[Description of the task]
A faithful copy of the data, pictures omitted, is the required answer.

[Information shown]
******************************

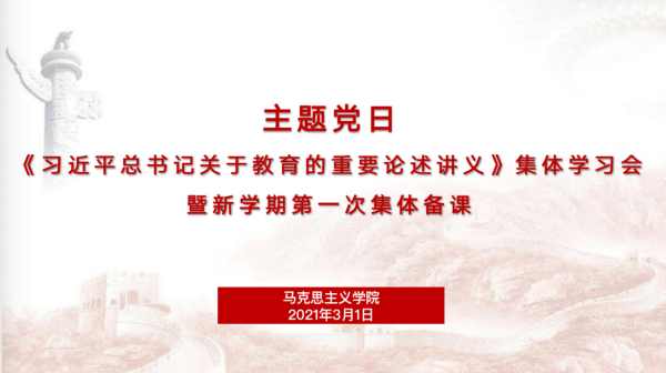 3月1日,马克思主义学院党总支以主题党日线上集体学习的形式,组织召开《习近平总书记关于教育的重要论述讲义》集体学习会暨新学期第一次集体备课。马克思主义学院党总支书记高丽娴、院长李晓平、院长助理金宇以及全体思政课教师参加集体学习,会议由金宇主持。
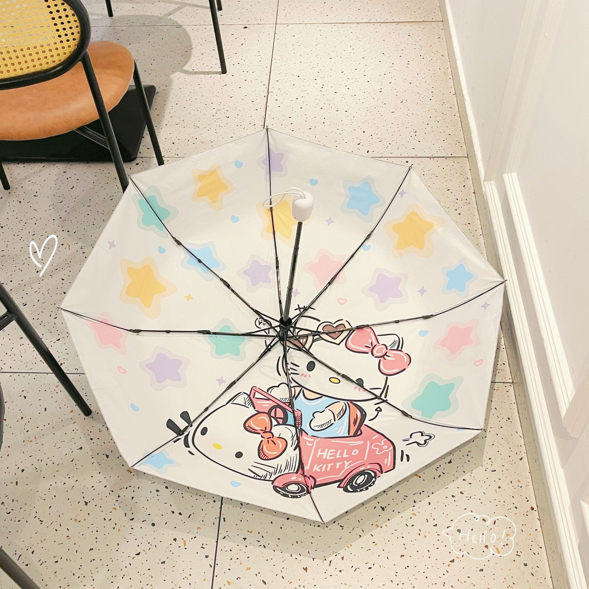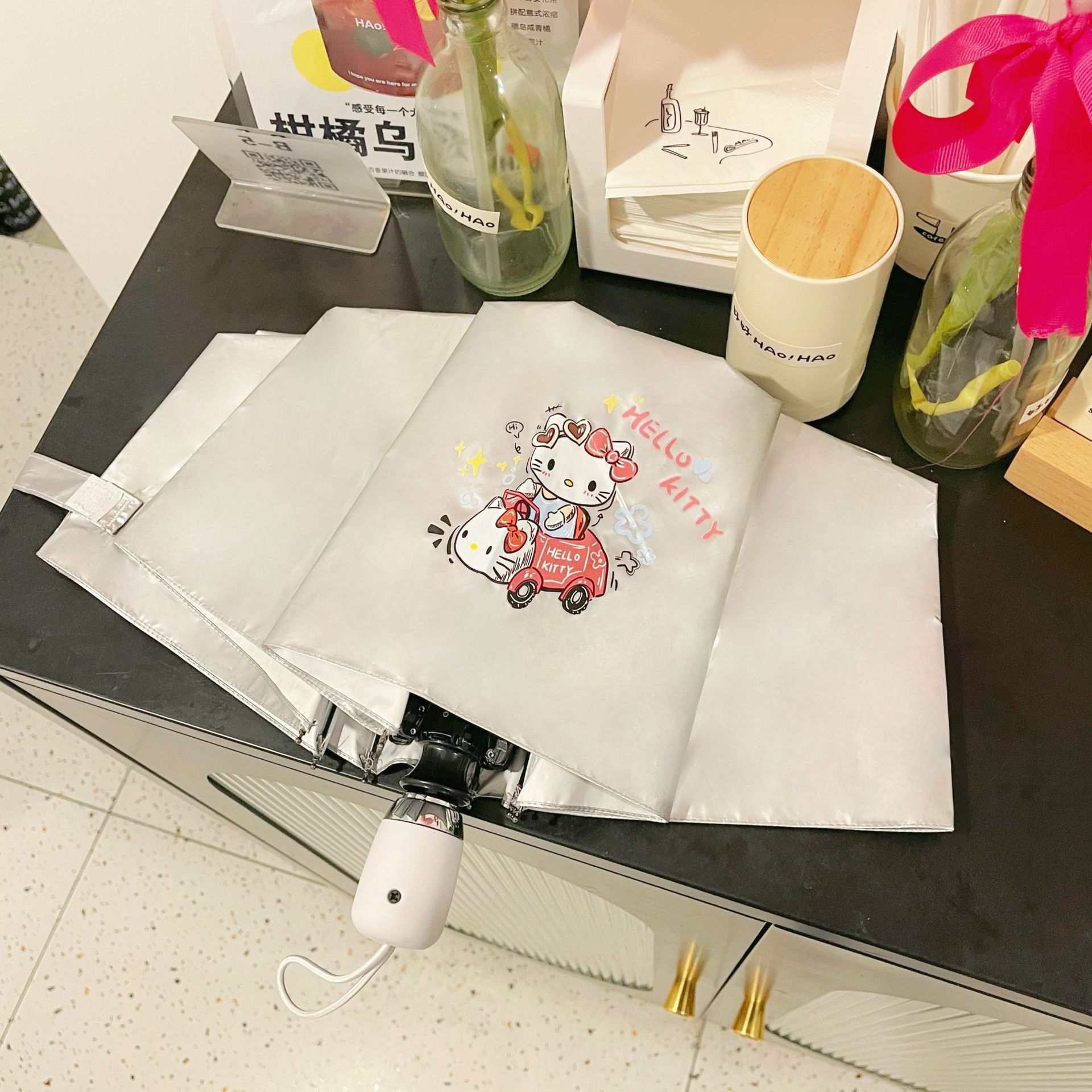 Титан серебро вождения Hello Kitty автоматический зонтик-виниловый утолщение
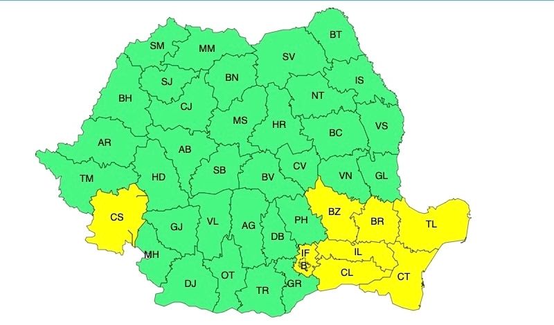 Zone afectate: Dobrogea, jumătatea estică a Munteniei și sudul Banatului
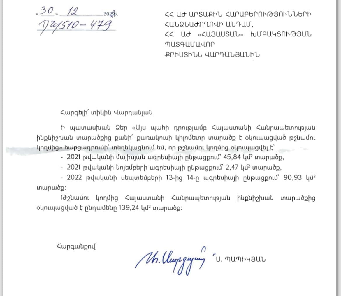 Ստորև տեղադրում եմ այդ հարցման պաշտոնական պատասխանը, որտեղ ասվում է, որ 2022 թ. դեկտեմբերի դրությամբ ՀՀ տարածքից օկուպացված է 139 քառ կմ տարածք:

******************************

[Problem solution]
 3月1日,马克思主义学院党总支以主题党日线上集体学习的形式,组织召开《习近平总书记关于教育的重要论述讲义》集体学习会暨新学期第一次集体备课。马克思主义学院党总支书记高丽娴、院长李晓平、院长助理金宇以及全体思政课教师参加集体学习,会议由金宇主持。
 Титан серебро вождения Hello Kitty автоматический зонтик-виниловый утолщение
 Zone afectate: Dobrogea, jumătatea estică a Munteniei și sudul Banatului
 Ստորև տեղադրում եմ այդ հարցման պաշտոնական պատասխանը, որտեղ ասվում է, որ 2022 թ. դեկտեմբերի դրությամբ ՀՀ տարածքից օկուպացված է 139 քառ կմ տարածք:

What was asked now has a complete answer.